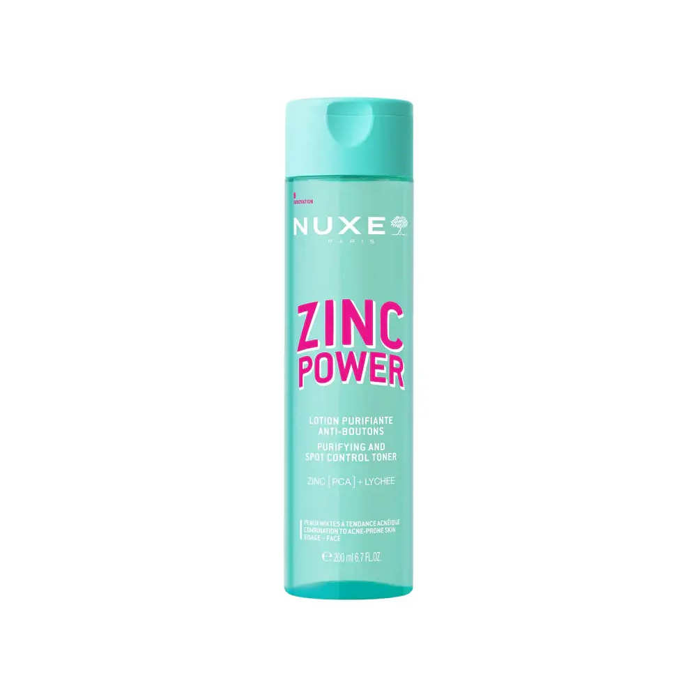 La Lotion Purifiante Anti-Boutons NUXE ZINC POWER est un soin de la gamme anti-imperfections spécifiquement formulé pour les peaux mixtes à grasses et à tendance acnéique. Elle représente la deuxième étape essentielle d'une routine visant à obtenir une "super peau", c'est-à-dire une peau purifiée, un grain de peau affiné et un éclat révélé. Cette lotion à la texture fraîche agit en profondeur pour purifier la peau, lisser son grain et réduire visiblement les imperfections telles que les boutons et les points noirs, tout en matifiant les zones de brillance. Sa formule végane est élaborée selon la charte "clean beauty" de NUXE et contient 99% d'ingrédients d'origine naturelle, dont des actifs phares comme le Zinc [PCA] et un extrait de Litchi issu de l'upcycling. Elle est non comédogène et a été testée sous contrôle dermatologique pour garantir son efficacité sans dessécher la peau. Son parfum addictif de pastèque-menthe offre une sensation de fraîcheur ultra-sensorielle lors de l'application.
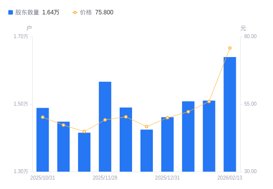 2月24日动静,数据显示,截至2026年2月13日,智立方A股股东总户数为1。64万户,较上期(2026年1月20日)添加1291户,增幅8。55%。此中畅通A股6055。28万股,户均持有畅通A股数量为3692。92股,较上期削减315。61股,降幅7。87%;户均持畅通A股市值27。99万元,较上期添加5。55万元,增幅24。72%。近一年(2025年2月20日至2026年2月13日),智立方A股股东户数从1。2万户,添加至1。64万户,增幅36。60%,区间股价上涨128。56%。
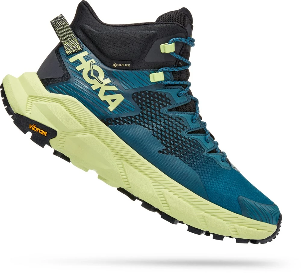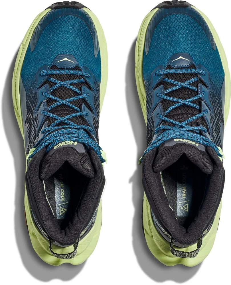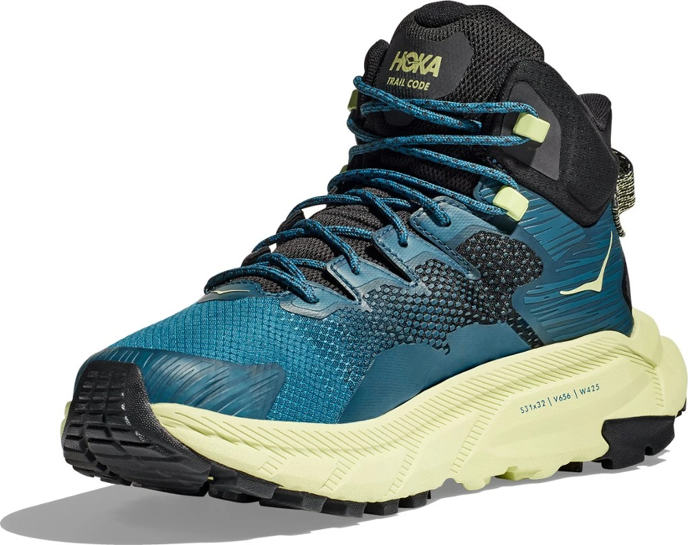 Dynamic and made for exploring, the men’s HOKA Trail Code GTX hiking boots hit the sweet spot between lightweight and cushioned. They sport HUBBLE® heels with SwallowTail™ geometry.
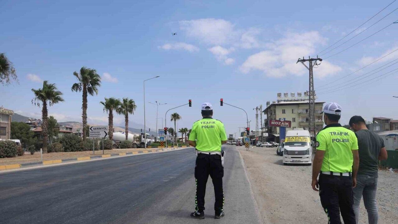 Hatay Emniyet Müdürlüğü Bölge Trafik Denetleme Şube Müdürlüğü ekiplerince kentte dron destekli trafik denetimleri aralıksız sürüyor. Kırmızı ışık, emniyet kemeri kullanımı, emniyet şeridi ihlallerine yönelik denetimlerde kurallara uymayan ve eksikliği tespit edilen araç sürücülerine idari para cezası uygulandı.
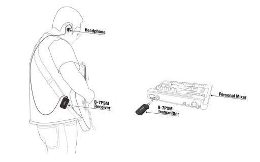 Możesz regulować głośność RX w krokach co 0,5 dB za pomocą przycisków + i –. Maksymalna głośność to 0dB, a minimalna to -64dB. Przytrzymanie przycisku + lub – może szybko zwiększyć lub zmniejszyć głośność. B-7PSM oferuje transmisję dźwięku STEREO, więc idealnie nadaje się do pracy z profesjonalnymi mikserami osobistymi, aby panoramować utwory tak, jak chcesz na scenie lub w studio podczas prób i występów na żywo. B-7PSM oferuje najwyższą jakość dźwięku z zakresem dynamiki 92 dBA i pasmem przenoszenia 20 ~ 19 kHz.
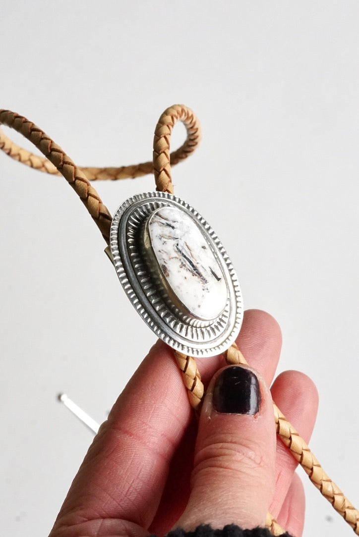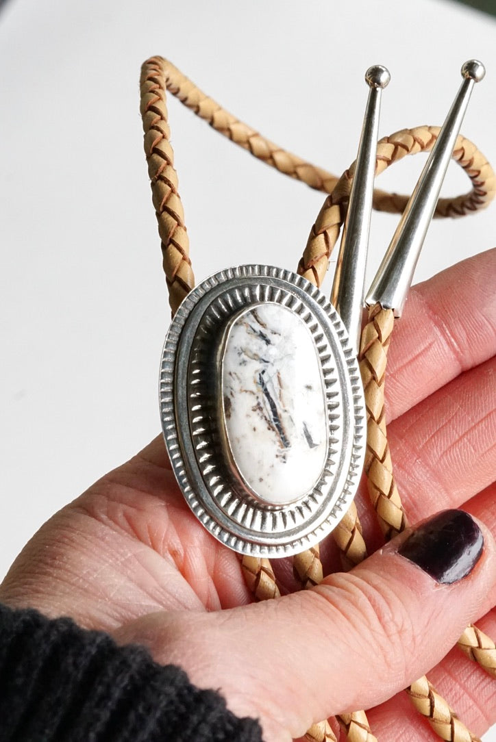 This beautiful Bolo Tie features one high quality White Buffalo stone. The stone is set on three thick layers of sterling silver sheet metal and has a stamped detail throughout.
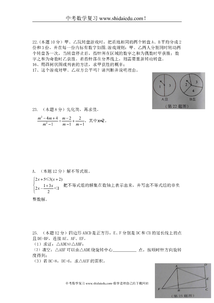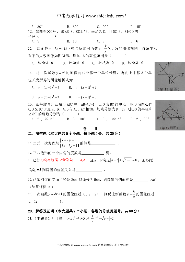 毕节市初中毕业生学业考试(中考)数学真题试卷.doc
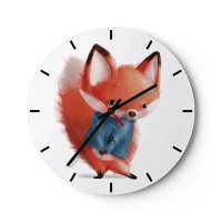 Zegar ścienny - Uroczy lisek w niebieskiej chuście na białym tle - 30x30cm - Ładnie mi w tym? - Nowoczesna dekoracja ścienna do salonu, kuchni i sypialni ARTTOR
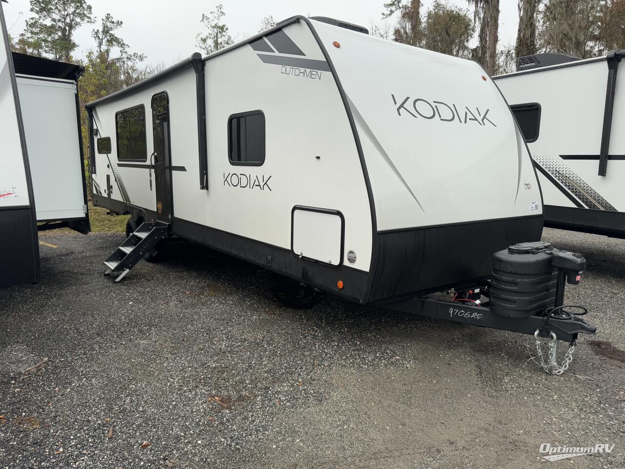 Each Kodiak travel trailer by Dutchmen includes a diamond front plate, easy lube axles, and a power tongue jack for hassle-free towing. The bear cave storage will allow you to bring along all the camp gear, and the power awning with an LED light will create an inviting outdoor space. Head inside to enjoy the designer valances, blackout roller shades, and seamless countertops. There is also HyperDeck flooring that will withstand your many adventures plus a 6' 8" interior height for more head room. A high output furnace and 13.5k BTU A/C will keep you comfortable, and the on-demand tankless water heater will provide instant hot water when you need it!
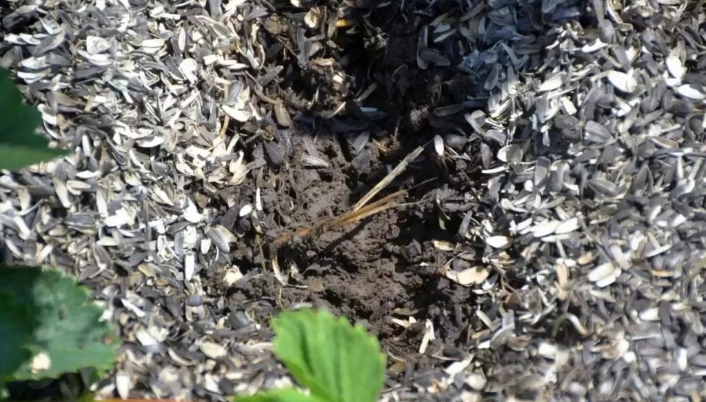 Розсипте лушпиння навколо рослин, щоб утворився шар завтовшки 2-3 сантиметри. Воно не дасть проростати дрібному бур’яну й утримуватиме вологу. Але на осінь доведеться прибрати мульчу, щоб не розводити на ділянці гризунів.
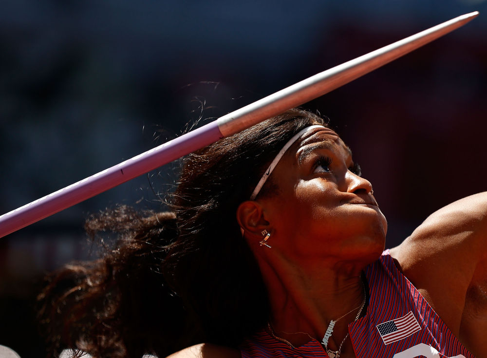 8月5日,美国选手布加尔在女子七项全能标枪比赛中。当日,东京奥运会田径比赛继续在东京新国立竞技场举行。
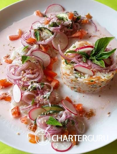 The last 10 years, she has worked as Chef aboard sailing catamarans and motor yachts, private and charters, like M/Y “DON’T ASK” 75’, M/Y” H” 137’, or M/Y “A PASSIONATTA” or M/Y LAURAYANN in the Mediterranean including the French Riviera.
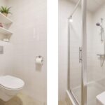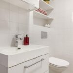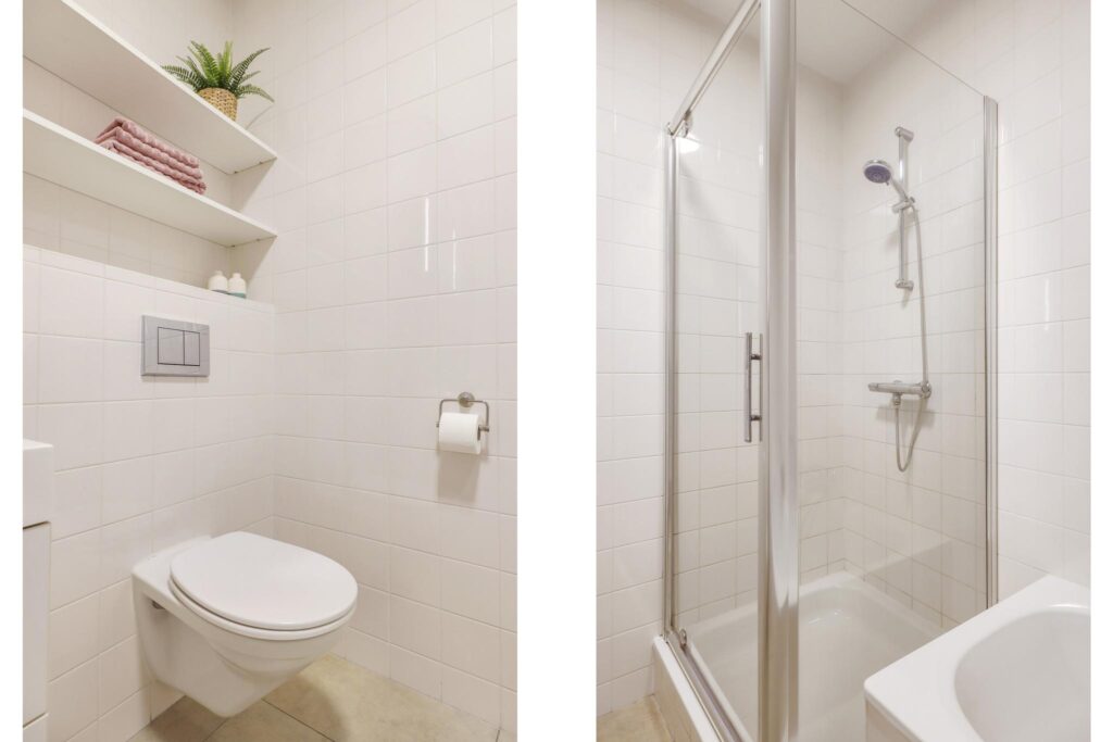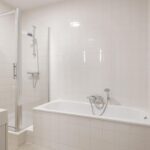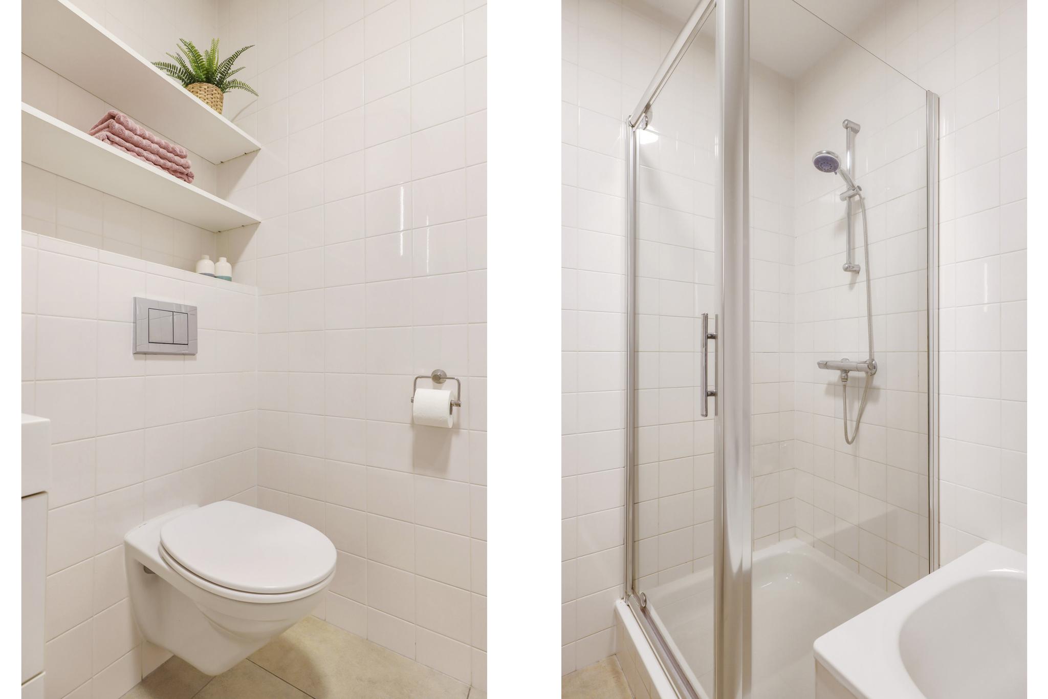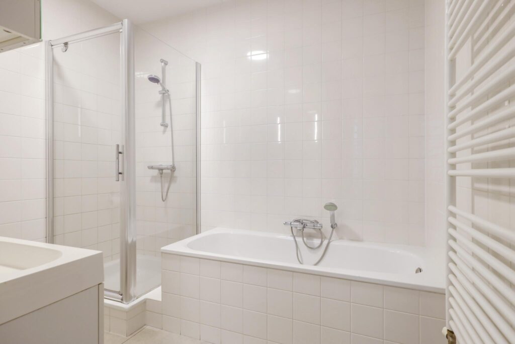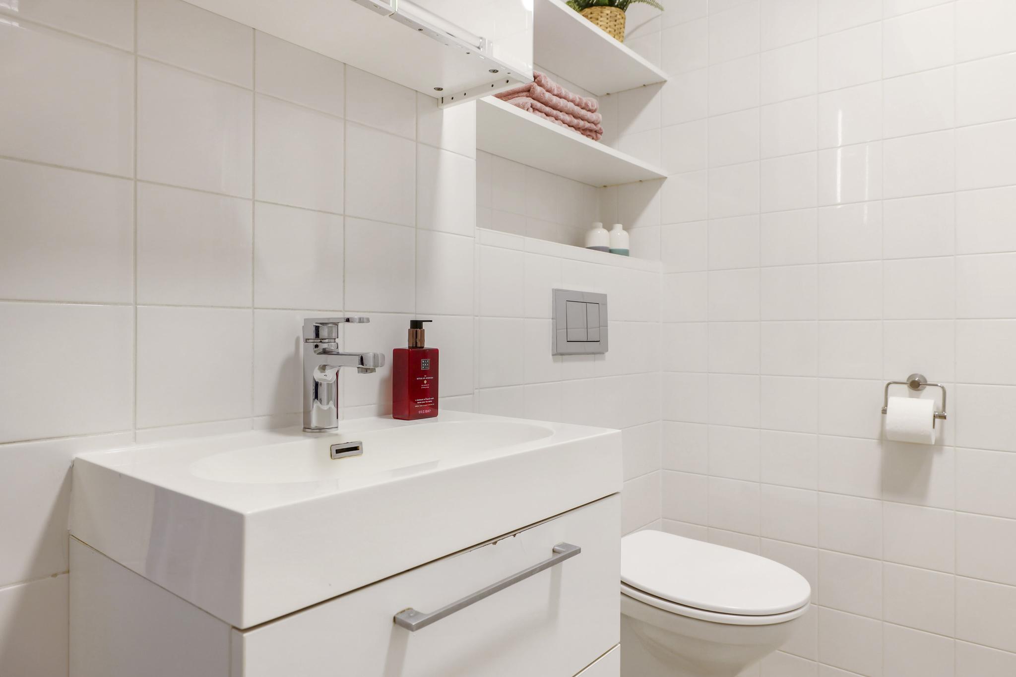 De badkamer is niet overdreven luxe aangekleed maar wel degelijk en neutraal afgewerkt. Dit zie je terug in bijvoorbeeld neutraal tegelwerk dat tot aan het plafond is aangebracht. De ruimte is compleet ingedeeld met een douchecel, een ligbad, een wastafelmeubel met spiegelkast erboven en een 2e (zwevend) toilet. Een handdoekradiator maakt de badkamer compleet.

━━━━

Would you repeat the complete listing exactly, excluding each picture it holds?

 La Lotion Purifiante Anti-Boutons NUXE ZINC POWER est un soin de la gamme anti-imperfections spécifiquement formulé pour les peaux mixtes à grasses et à tendance acnéique. Elle représente la deuxième étape essentielle d'une routine visant à obtenir une "super peau", c'est-à-dire une peau purifiée, un grain de peau affiné et un éclat révélé. Cette lotion à la texture fraîche agit en profondeur pour purifier la peau, lisser son grain et réduire visiblement les imperfections telles que les boutons et les points noirs, tout en matifiant les zones de brillance. Sa formule végane est élaborée selon la charte "clean beauty" de NUXE et contient 99% d'ingrédients d'origine naturelle, dont des actifs phares comme le Zinc [PCA] et un extrait de Litchi issu de l'upcycling. Elle est non comédogène et a été testée sous contrôle dermatologique pour garantir son efficacité sans dessécher la peau. Son parfum addictif de pastèque-menthe offre une sensation de fraîcheur ultra-sensorielle lors de l'application.
 2月24日动静,数据显示,截至2026年2月13日,智立方A股股东总户数为1。64万户,较上期(2026年1月20日)添加1291户,增幅8。55%。此中畅通A股6055。28万股,户均持有畅通A股数量为3692。92股,较上期削减315。61股,降幅7。87%;户均持畅通A股市值27。99万元,较上期添加5。55万元,增幅24。72%。近一年(2025年2月20日至2026年2月13日),智立方A股股东户数从1。2万户,添加至1。64万户,增幅36。60%,区间股价上涨128。56%。
 Dynamic and made for exploring, the men’s HOKA Trail Code GTX hiking boots hit the sweet spot between lightweight and cushioned. They sport HUBBLE® heels with SwallowTail™ geometry.
 Hatay Emniyet Müdürlüğü Bölge Trafik Denetleme Şube Müdürlüğü ekiplerince kentte dron destekli trafik denetimleri aralıksız sürüyor. Kırmızı ışık, emniyet kemeri kullanımı, emniyet şeridi ihlallerine yönelik denetimlerde kurallara uymayan ve eksikliği tespit edilen araç sürücülerine idari para cezası uygulandı.
 Możesz regulować głośność RX w krokach co 0,5 dB za pomocą przycisków + i –. Maksymalna głośność to 0dB, a minimalna to -64dB. Przytrzymanie przycisku + lub – może szybko zwiększyć lub zmniejszyć głośność. B-7PSM oferuje transmisję dźwięku STEREO, więc idealnie nadaje się do pracy z profesjonalnymi mikserami osobistymi, aby panoramować utwory tak, jak chcesz na scenie lub w studio podczas prób i występów na żywo. B-7PSM oferuje najwyższą jakość dźwięku z zakresem dynamiki 92 dBA i pasmem przenoszenia 20 ~ 19 kHz.
 This beautiful Bolo Tie features one high quality White Buffalo stone. The stone is set on three thick layers of sterling silver sheet metal and has a stamped detail throughout.
 毕节市初中毕业生学业考试(中考)数学真题试卷.doc
 Zegar ścienny - Uroczy lisek w niebieskiej chuście na białym tle - 30x30cm - Ładnie mi w tym? - Nowoczesna dekoracja ścienna do salonu, kuchni i sypialni ARTTOR
 Each Kodiak travel trailer by Dutchmen includes a diamond front plate, easy lube axles, and a power tongue jack for hassle-free towing. The bear cave storage will allow you to bring along all the camp gear, and the power awning with an LED light will create an inviting outdoor space. Head inside to enjoy the designer valances, blackout roller shades, and seamless countertops. There is also HyperDeck flooring that will withstand your many adventures plus a 6' 8" interior height for more head room. A high output furnace and 13.5k BTU A/C will keep you comfortable, and the on-demand tankless water heater will provide instant hot water when you need it!
 Розсипте лушпиння навколо рослин, щоб утворився шар завтовшки 2-3 сантиметри. Воно не дасть проростати дрібному бур’яну й утримуватиме вологу. Але на осінь доведеться прибрати мульчу, щоб не розводити на ділянці гризунів.
 8月5日,美国选手布加尔在女子七项全能标枪比赛中。当日,东京奥运会田径比赛继续在东京新国立竞技场举行。
 The last 10 years, she has worked as Chef aboard sailing catamarans and motor yachts, private and charters, like M/Y “DON’T ASK” 75’, M/Y” H” 137’, or M/Y “A PASSIONATTA” or M/Y LAURAYANN in the Mediterranean including the French Riviera.
 De badkamer is niet overdreven luxe aangekleed maar wel degelijk en neutraal afgewerkt. Dit zie je terug in bijvoorbeeld neutraal tegelwerk dat tot aan het plafond is aangebracht. De ruimte is compleet ingedeeld met een douchecel, een ligbad, een wastafelmeubel met spiegelkast erboven en een 2e (zwevend) toilet. Een handdoekradiator maakt de badkamer compleet.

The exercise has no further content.